The man felt it, felt the disturbance. He slowly took his eyes off the gleaming jewel and stared at the bartender. The curious man suddenly had an odd expression on his face, then turned to continue wiping the glasses. The little man returned to concentrating on the jewel.
His mind went out. Yes, he could feel them, Yin and Yang, male and female. Close by, so close, yet not here, not in proximity. He concentrated hard on them, locked in on them, called them hither.
Not perfect, no, but they would do. They would do -if they would just come to him.

A terrible, cold wind was sweeping through the streets of Reno, Nevada. The woman shivered and pulled her coat closer, trying to ward off some of the icy effects. It didn't help much.
She shouldn't be out in this, she knew. She shouldn't be anywhere near this place-and she didn't know why she was here now, or where she was going, either, yet she kept walking, kept fighting the wind and the cold, barely looking where she was going.
Her mind seemed fogged, slightly confused. She had resolved to end it by the sea, with the Pacific now lapping at the Sierra Nevada, and had prepared for it yet she was here, in Reno, a mountainous desert that no longer had much of a purpose. Most of the people were gone, or huddling inside, or praying in churches for some sort of deliverance. Although she'd never been religious, she had considered joining them at the last.

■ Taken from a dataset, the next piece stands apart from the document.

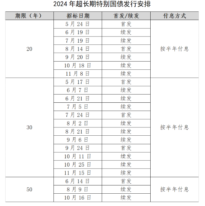 5月13日,財(cái)政部發(fā)布《2024年一般國債、超長期特別國債發(fā)行有關(guān)安排》,其中超長期特別國債涉及期限為20年、30年、50年。

With all other hope gone, the church was the only thing left to cling to.
That was what she had started out to do, out from the fairly comfortable room in a now-deserted motel, out to find a nearby church.

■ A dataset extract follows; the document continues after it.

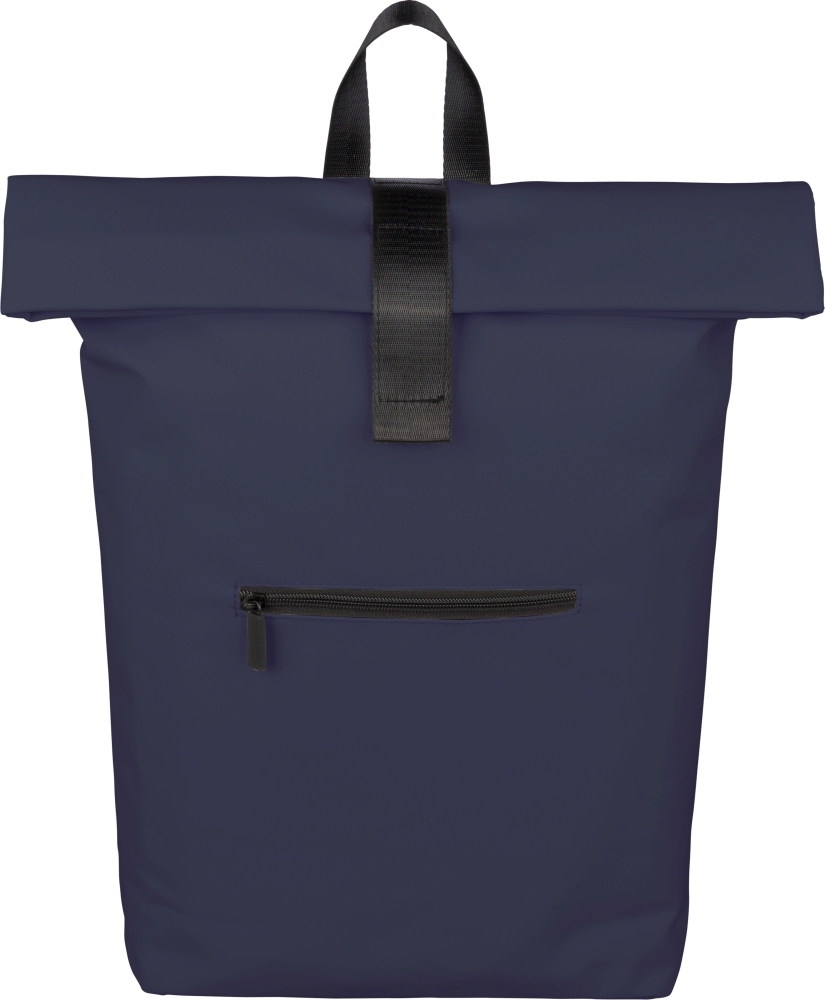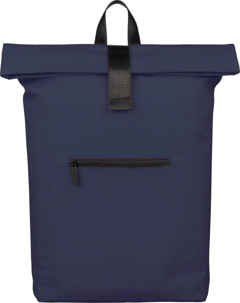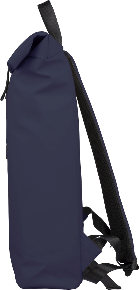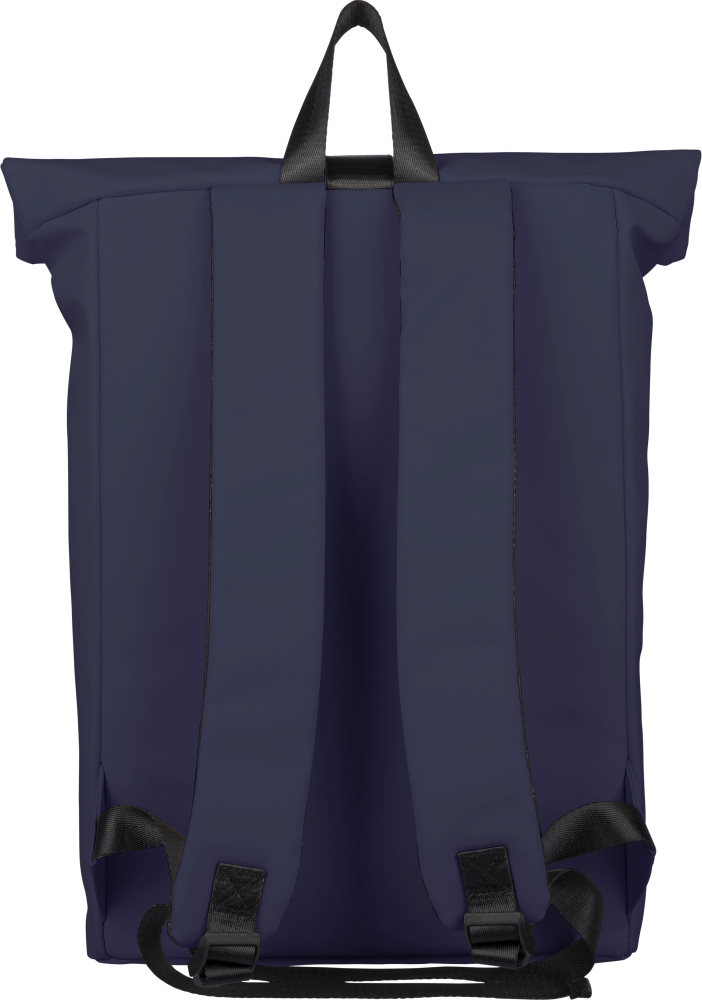 Batoh z recyklovaného PU (19 l) s rolovacím zapínáním a suchým zipem. Má přední kapsu na zip, přihrádku na 16" notebook, podšívku z recyklovaného materiálu 210D, nastavitelné odvětrávané ramenní popruhy, horní rukojeť a uvnitř jeden recyklovaný štítek. Rozměry: 55 cm x 30 cm

And yet, now the church didn't seem so important any more. Only walking, making her way through the byways and back alleys of this low and spread-out city, going somewhere, it seemed, but she had no idea where. Her legs seemed to have a mind of their own.
The only traffic left now was some military vehicles making their way along streets where only the howls of lonely and deserted animals were heard and an occasional rat would scamper.
She rounded a corner and suddenly felt the full force of the strong wind; it bit into her, and she lowered her head to try to protect her face from the new blast.